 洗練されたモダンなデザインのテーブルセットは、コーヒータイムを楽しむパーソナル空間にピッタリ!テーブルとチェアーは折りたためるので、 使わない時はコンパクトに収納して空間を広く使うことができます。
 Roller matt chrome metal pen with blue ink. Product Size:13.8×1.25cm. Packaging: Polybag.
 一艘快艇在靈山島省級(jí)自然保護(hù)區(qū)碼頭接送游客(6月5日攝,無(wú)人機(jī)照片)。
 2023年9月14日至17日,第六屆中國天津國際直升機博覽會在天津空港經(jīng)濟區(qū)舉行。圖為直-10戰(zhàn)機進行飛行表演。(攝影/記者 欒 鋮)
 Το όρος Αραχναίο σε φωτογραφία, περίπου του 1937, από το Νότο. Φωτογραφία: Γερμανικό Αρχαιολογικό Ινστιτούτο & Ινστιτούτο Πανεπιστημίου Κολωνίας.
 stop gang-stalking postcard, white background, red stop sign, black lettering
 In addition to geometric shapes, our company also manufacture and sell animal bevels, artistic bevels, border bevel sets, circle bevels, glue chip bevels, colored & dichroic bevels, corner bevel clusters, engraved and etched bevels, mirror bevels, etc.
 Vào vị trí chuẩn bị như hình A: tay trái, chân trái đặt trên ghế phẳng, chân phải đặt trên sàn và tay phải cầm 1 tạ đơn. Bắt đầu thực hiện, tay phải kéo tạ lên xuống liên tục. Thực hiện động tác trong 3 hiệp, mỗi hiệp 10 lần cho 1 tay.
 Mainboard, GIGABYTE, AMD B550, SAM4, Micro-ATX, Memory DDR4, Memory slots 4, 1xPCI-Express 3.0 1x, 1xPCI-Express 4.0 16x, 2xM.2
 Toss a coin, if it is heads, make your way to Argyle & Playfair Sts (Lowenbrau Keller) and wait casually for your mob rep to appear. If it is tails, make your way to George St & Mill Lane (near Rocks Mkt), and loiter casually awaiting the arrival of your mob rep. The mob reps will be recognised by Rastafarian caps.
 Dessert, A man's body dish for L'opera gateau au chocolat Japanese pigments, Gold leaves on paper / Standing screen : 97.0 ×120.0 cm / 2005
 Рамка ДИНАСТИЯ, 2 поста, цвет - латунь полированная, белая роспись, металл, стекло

-- -- --

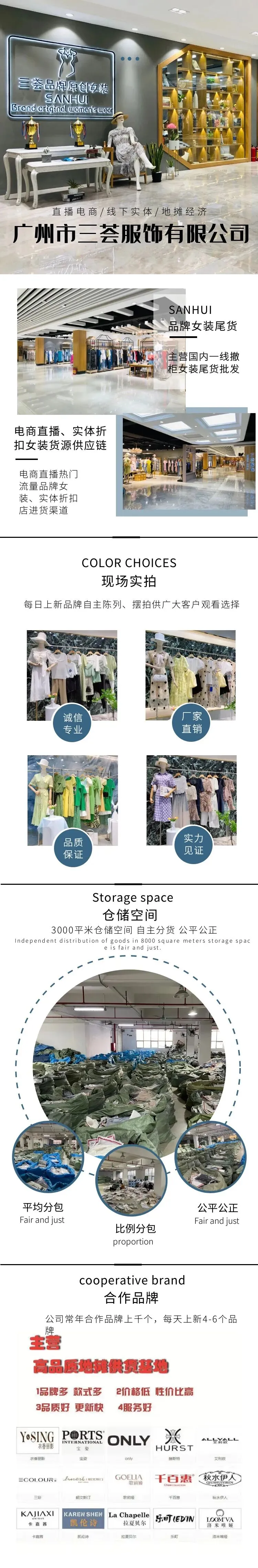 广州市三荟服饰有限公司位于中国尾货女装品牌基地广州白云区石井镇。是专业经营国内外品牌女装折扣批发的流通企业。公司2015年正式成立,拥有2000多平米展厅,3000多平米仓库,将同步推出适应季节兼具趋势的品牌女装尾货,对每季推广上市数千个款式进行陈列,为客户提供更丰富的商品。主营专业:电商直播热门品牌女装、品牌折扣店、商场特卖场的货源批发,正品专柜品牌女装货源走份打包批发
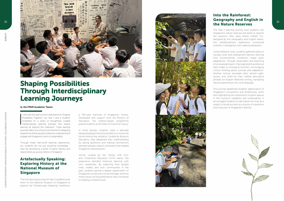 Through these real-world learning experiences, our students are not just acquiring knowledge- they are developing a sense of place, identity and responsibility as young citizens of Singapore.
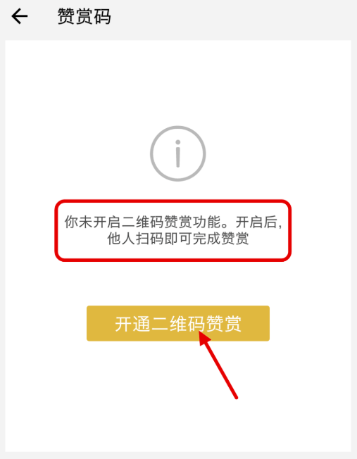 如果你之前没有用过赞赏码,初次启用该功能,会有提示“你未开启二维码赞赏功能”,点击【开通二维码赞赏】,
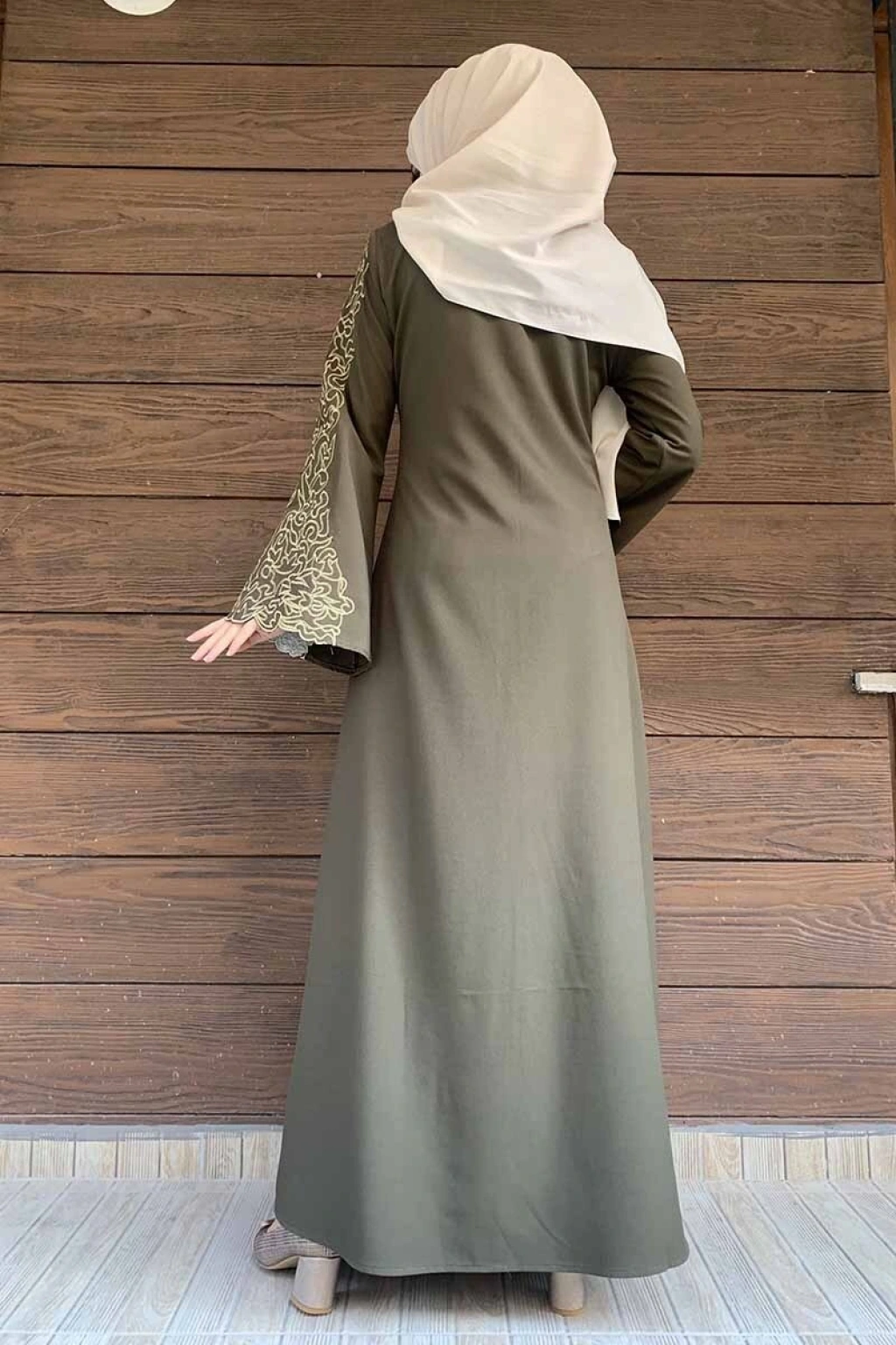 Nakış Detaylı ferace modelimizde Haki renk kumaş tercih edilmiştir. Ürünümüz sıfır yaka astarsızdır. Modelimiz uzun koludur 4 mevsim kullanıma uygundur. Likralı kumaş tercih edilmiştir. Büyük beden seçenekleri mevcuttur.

-- -- --

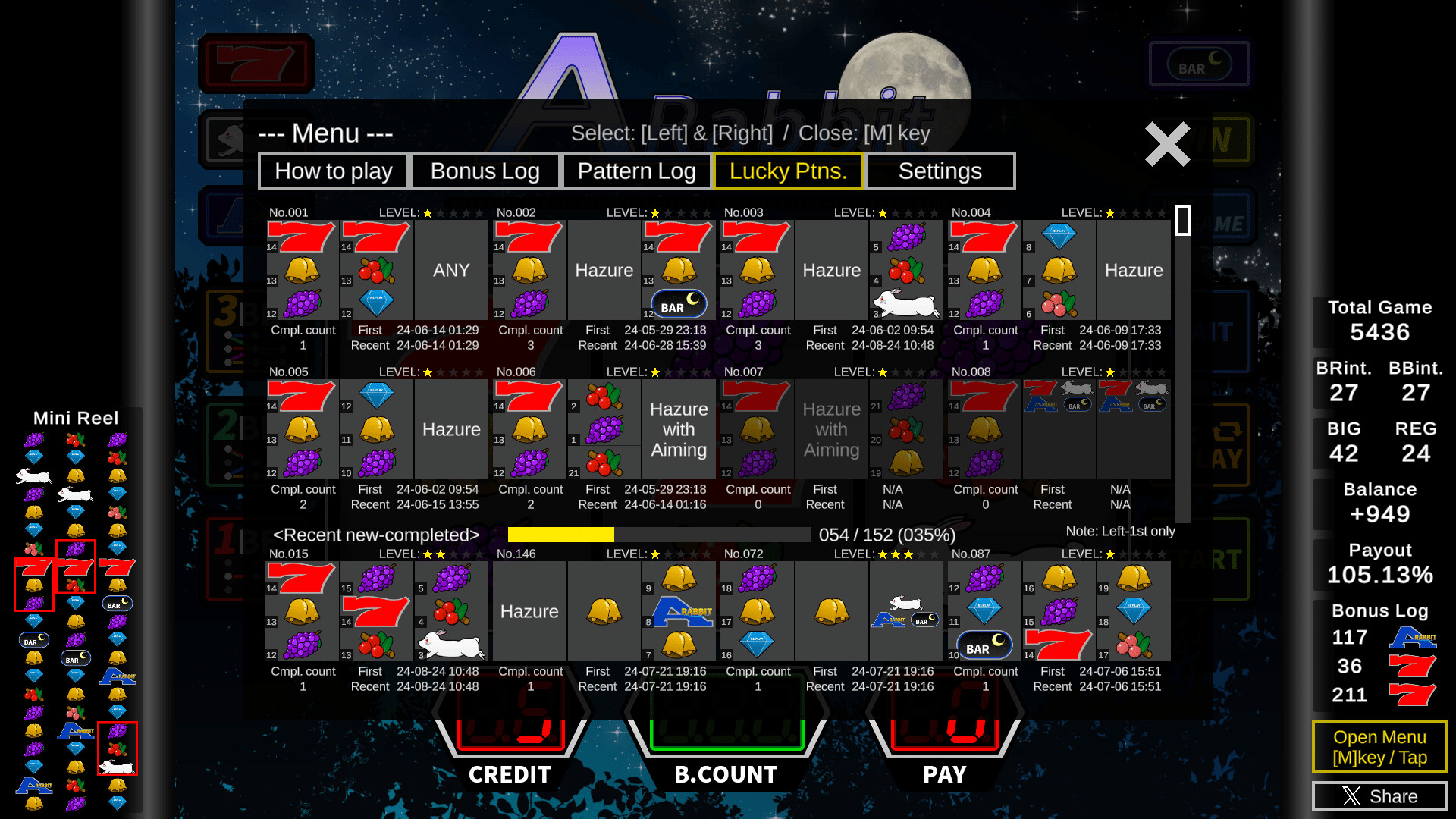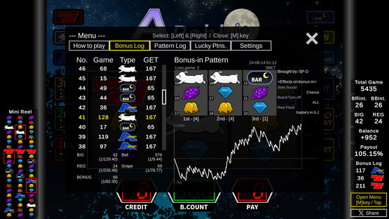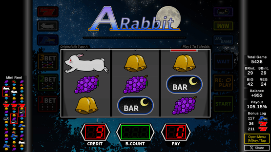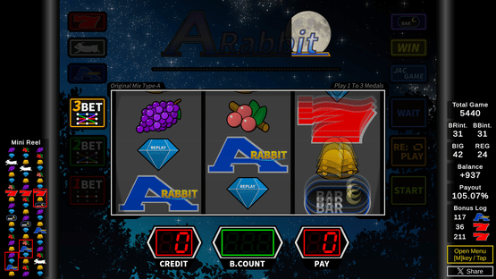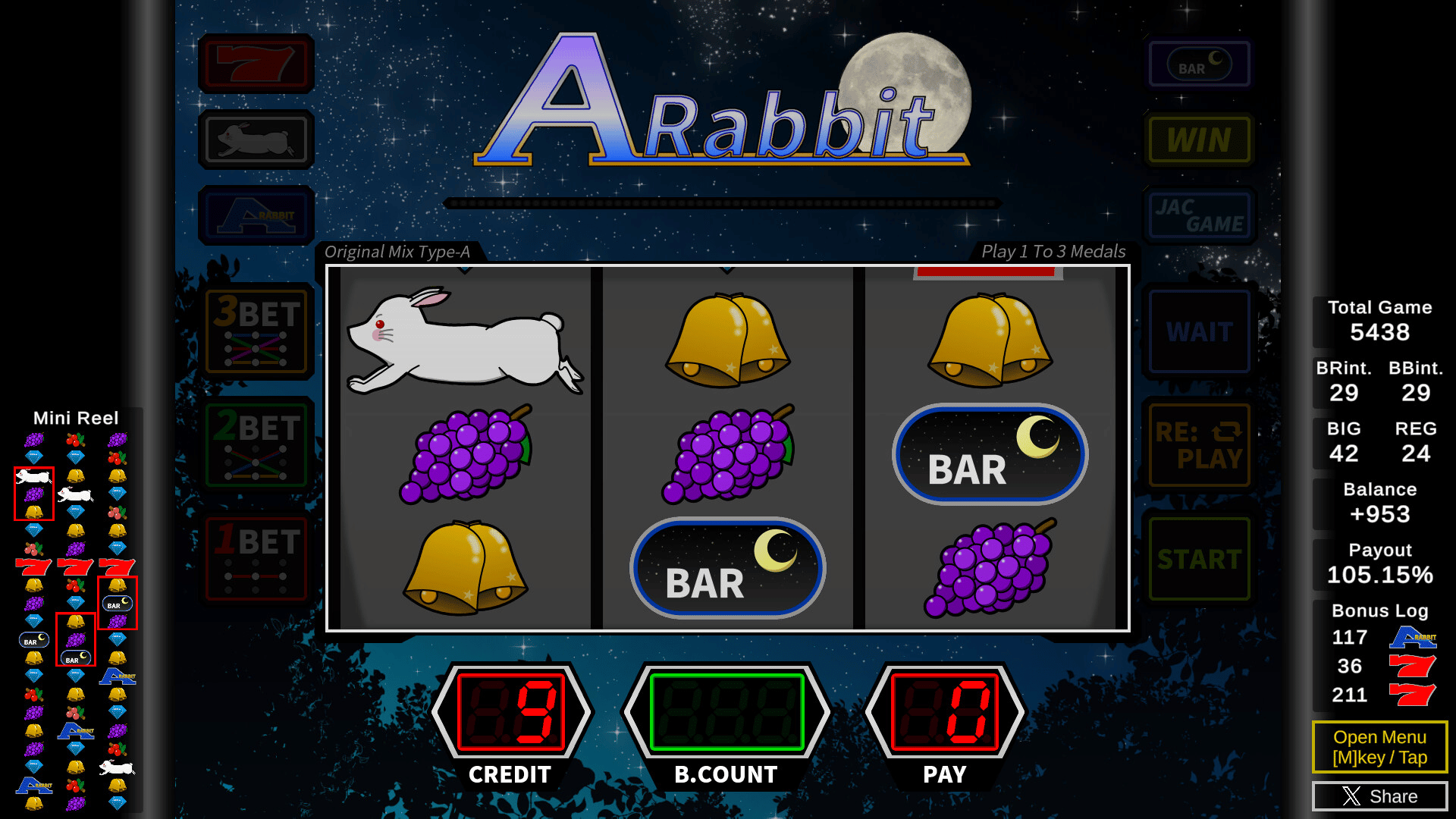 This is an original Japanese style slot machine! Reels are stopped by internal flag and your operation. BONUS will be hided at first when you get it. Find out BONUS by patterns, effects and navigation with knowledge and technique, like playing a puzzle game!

-- -- --

Directions :: Output exactly the lines of the material above from the one containing "Mainboard, GIGABYTE, AMD" up to and including the one containing "Рамка ДИНАСТИЯ, 2".

Exercise output ::
 Mainboard, GIGABYTE, AMD B550, SAM4, Micro-ATX, Memory DDR4, Memory slots 4, 1xPCI-Express 3.0 1x, 1xPCI-Express 4.0 16x, 2xM.2
 Toss a coin, if it is heads, make your way to Argyle & Playfair Sts (Lowenbrau Keller) and wait casually for your mob rep to appear. If it is tails, make your way to George St & Mill Lane (near Rocks Mkt), and loiter casually awaiting the arrival of your mob rep. The mob reps will be recognised by Rastafarian caps.
 Dessert, A man's body dish for L'opera gateau au chocolat Japanese pigments, Gold leaves on paper / Standing screen : 97.0 ×120.0 cm / 2005
 Рамка ДИНАСТИЯ, 2 поста, цвет - латунь полированная, белая роспись, металл, стекло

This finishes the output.